La noche. El recuerdo es horrible porque me trae amargura y viene dos veces. Yazgo junto a mí, y mientras paso de mi boca hasta mis manos el cigarro, me veo dos plantas más abajo, trabajando fuera de hora, a las tantas de la noche, absorta en mi labor de salvaguarda de especies en extinción, blanca en la bata de algodón sintético, sucios los guantes de sacáridos y prótidos, loca en la molécula de ADN, sin tener ni idea, sin saber que afuera el sembrador, el hongo de torio devoraba y gemía con una canción de llanto y arrastraba al mundo al final de su historia. Yo trabajando para conservar la vida y ellos quitándola. Yo intentando luchar para evitar el exterminio de tantas razas y apenas cien metros más allá el último animal, el ser supremo, aniquilando todo cuanto vive, destrozando sueños, cortando de raíz los últimos rendijos de esperanza.
La noche. Cuando advertí que el temblor no era uno más de los muchos que ocurren cada día en Pasadena, cuando las luces rojas empezaron a bramar peligro peligro peligro y las sirenas cortaron todos los accesos y salidas, cuando me di cuenta de que los sistemas de refrigeración de última prioridad alerta atómica funcionaban a tope y las computadoras chirriaban locas con su consigna no salir no salir no salir, cuando de muy lejos el temblor se convirtió en un aullido confuso que creía con el lamento de diez millones de almas, entonces supe que el apocalipsis estaba allí, y corrí pasillo arriba, roto el cristal de la bureta, perdida para siempre la carga cromosómica del último panda chino, y apenas llegué al segundo nivel, adonde estoy ahora, y contemplé cómo en plena noche amanecía un enorme sol rojo y grité, uní mi voz a miles de otras voces y seguí gritando hasta que no quedó ya ni un sonido y sólo se oía mi voz, mi llanto de muchacha histérica sola, abandonada, perdida, condenada a sobrevivir en el vientre confortable del refugio.
No sé, es difícil calcular cuánto tiempo estuve tumbada allí, encogida en la posición de un feto, mirando el rojo de la claraboya pasar de púrpura a un celeste intenso. Deseando y temiendo a la vez que los sistemas anti-R fallasen y rompieran la aleación de plastiacero y plomo y la nube de muerte inundara las galerías y me llevara a morir con el resto del mundo. No sé cuánto tiempo estuve allí, pero cuando supe que el refugio aguantaría, que el laboratorio y yo estábamos a salvo, bajé otra vez a mi nivel, olvidada del proyecto de clonación del panda, y tabulé nerviosa, febrilmente, con mis dedos de virgen doctorada en citología, pidiendo datos sobre la aniquilación (iba a decir tragedia) y la computadora escupió lentamente su cinta taladrada, como una larga lengua de papel rosado y franjas amarillas, y la respuesta fue, lo había imaginado, escasas probabilidades de supervivencia en los setenta kilómetros alrededor de la ciudad, radiación mortal, peligro de sacudidas sísmicas a lo largo de toda la falla de San Andrés. Pedí otra vez información, cómo va todo, y la lengua de papel desenrolló la noticia heladora: nada más que polvo en Hong Kong, en Leningrado, en París, en Chicago. Nada más que cenizas en un millón de otros sitios. Si había quedado alguien más estaría a miles de kilómetros, a dos o tres vidas de distancia, o tal vez estuviera encerrado en otro búnker, nada más que cruzar la calle, atrapado como un conejo esperando que la radiactividad se retirase y las células de seguridad abrieran tadas las puertas. Tecleé la última pregunta, quise saber cuándo la radiación me permitirá salir de aquí, y la respuesta fue directa, muy sencilla, muy cortés: aún me quedan de encierro no menos de setenta y cuatro años.
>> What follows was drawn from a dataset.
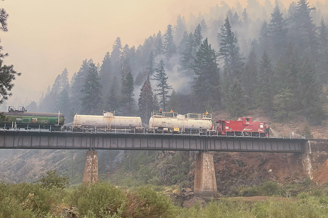 In the greatest at-risk areas, fire bladders – durable bags that can be filled with 10,000 gallons of water –and sprinkler systems are being deployed. Water and fire retardant are being sprayed, especially on bridges, to wet the crossties and structures to reduce the chance of them catching fire.
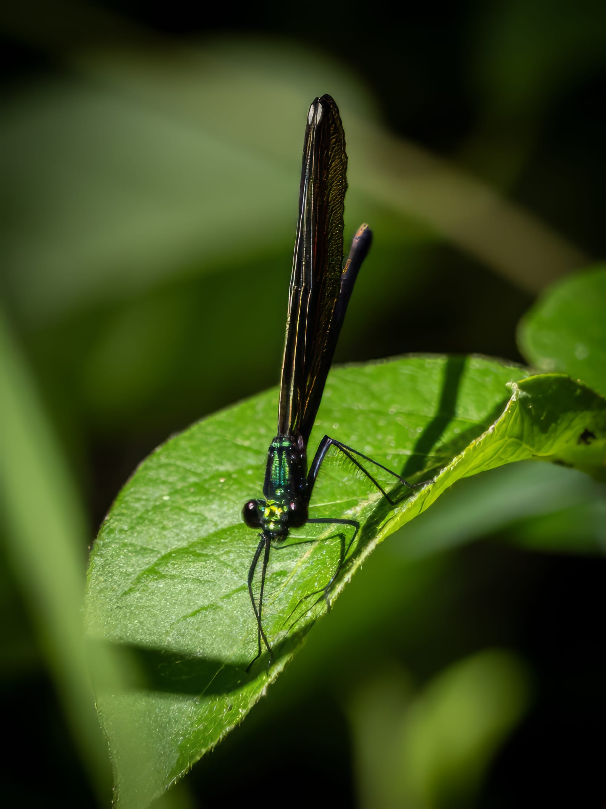 Baskettail dragonfly, Ebony Jewelwing damselfly, A midge I have yet to identify accurately.

Embotada, furiosa, confusa caminé luego con pie sonámbulo por el dédalo de pasillos verdes, luminiscencia de fósforo aséptico con su brillo lindo de hospital, y reconté con desgana mi provisión de ropas, mi total amontonamiento de víveres. Cuatro plantas del laboratorio molecular más avanzado del mundo eran, son mi dominio. Verde, rojo, azul, blanco, los niveles correspondientes a proyectos olvidados, quimeras inútiles que ni siquiera alguien como yo (doctora honoris causa, eran otros tiempos) puede entender sin forzar una sonrisa de colegiala tímida. Más de un billón de dólares a mi servicio y yo no hacía más que subir y bajar niveles, arrastrando los pies, como un juguete zambo, como cuando de niña perdí una muñeca y estuve una semana entera fuera del mundo buscando dentro de mi cerebro su gorda cara de trapo rosa, y recuerdo los días amontonados uno detrás de otro, divididos en eternidades a intervalos de comidas (esta pasta seca que es capaz de aguantar cien años), siempre mirando la claraboya de cielo púrpura en el amanecer y en el ocaso, los trozos de firmamento casi de leche la mayor parte del día y tiempo, esperando ante el emisor-recptor de banda ciudadana la voz de alguien que dijera hola, cómo te va, emitiendo sos intermintentes por el canal catorce, en barra fija, CQ CQ habla Liz Swan, estación Superviviente Uno, desesperada y ronca de escuchar sólo mi voz, muerta de soledad, hastiada de pasillos y silencio, temerosa de volverme loca y deseando a intervalos fijos salir del refugio sellado infranqueable y largarme de una vez al fin del mundo, morirme como una estrella bajo el soplo del viento, pero sabiendo que no lo podía hacer, porque las plantas superiores están llenas de muerte y ni siquiera tengo acceso a los trajes especiales, apolillados en algún lugar que la clave de mi inútil ordenador, desconectado del cerebro-guía, desconoce.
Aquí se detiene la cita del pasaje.